Extractors

This module provides a set of articlequality.Extractor s that implement a strategy for identifying article quality labeling events historically. These labelings are used as training data to build prediction models.

Supported wikis

Base classes

class articlequality.Extractor(name, doc, namespaces)[source]

Implements an labeling event extraction strategy.

Parameters:
name : str

A name for the extraction strategy

doc : str

Documentation describing the extraction strategy

namespace : iterable`(`int)

A set of namespaces that will be considered when performing an extraction

extract(page, verbose=False)[source]

Processes an mwxml.Page and returns a generator of first-observations of a project/label pair.

Parameters:
page : mwxml.Page

Page to process

verbose : bool

print dots to stderr

invert_reverted_status(reverteds, revisions)[source]

This method recursively searches the reverted status of revisions and inverts the status when reverts are themselves reverted.

class articlequality.TemplateExtractor(*args, from_template, **kwargs)[source]
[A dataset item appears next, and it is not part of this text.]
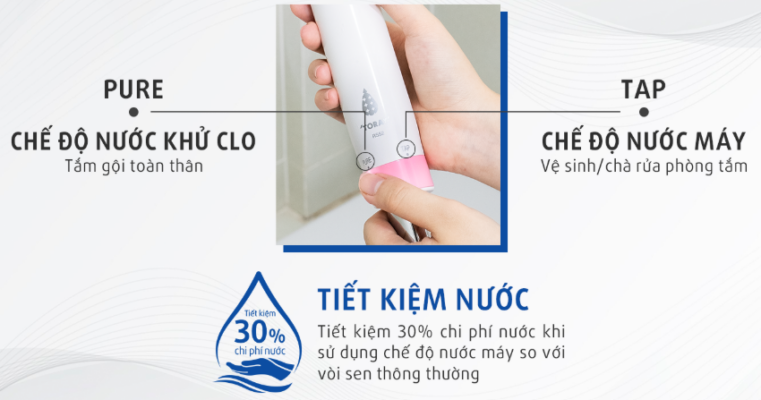 ● Người dùng có thể chuyển đổi sang dùng nước máy khi vệ sinh bồn hoặc phòng tắm, sang nước tinh khiết khi gội đầu và cơ thể. Đây là một chức năng tiện lợi cho phép bạn sử dụng vòi hoa sen một cách hiệu quả mà không lãng phí công suất lọc của lõi.
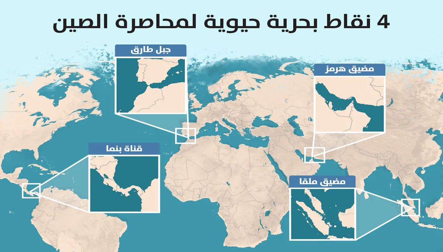4 ممرّات بحرية تغيّر قواعد اللعبة… كيف تُطوّق أميركا الصين قبل قمّة ترامب - شي؟

Implements a template-based extraction strategy based on a from_template function that takes a template and returns a (project, label) pair.

Parameters:
from_template : func

A function that takes a template and returns a (project, label) pair

extract(page, verbose=False)

Processes an mwxml.Page and returns a generator of first-observations of a project/label pair.

Parameters:
page : mwxml.Page

Page to process

verbose : bool

print dots to stderr

extract_labels(text)[source]

Extracts a set of labels for a version of text by parsing templates.

Parameters:
text : str

Wikitext markup to extract labels from

Returns:

An iterator over (project, label) pairs

invert_reverted_status(reverteds, revisions)

This method recursively searches the reverted status of revisions and inverts the status when reverts are themselves reverted.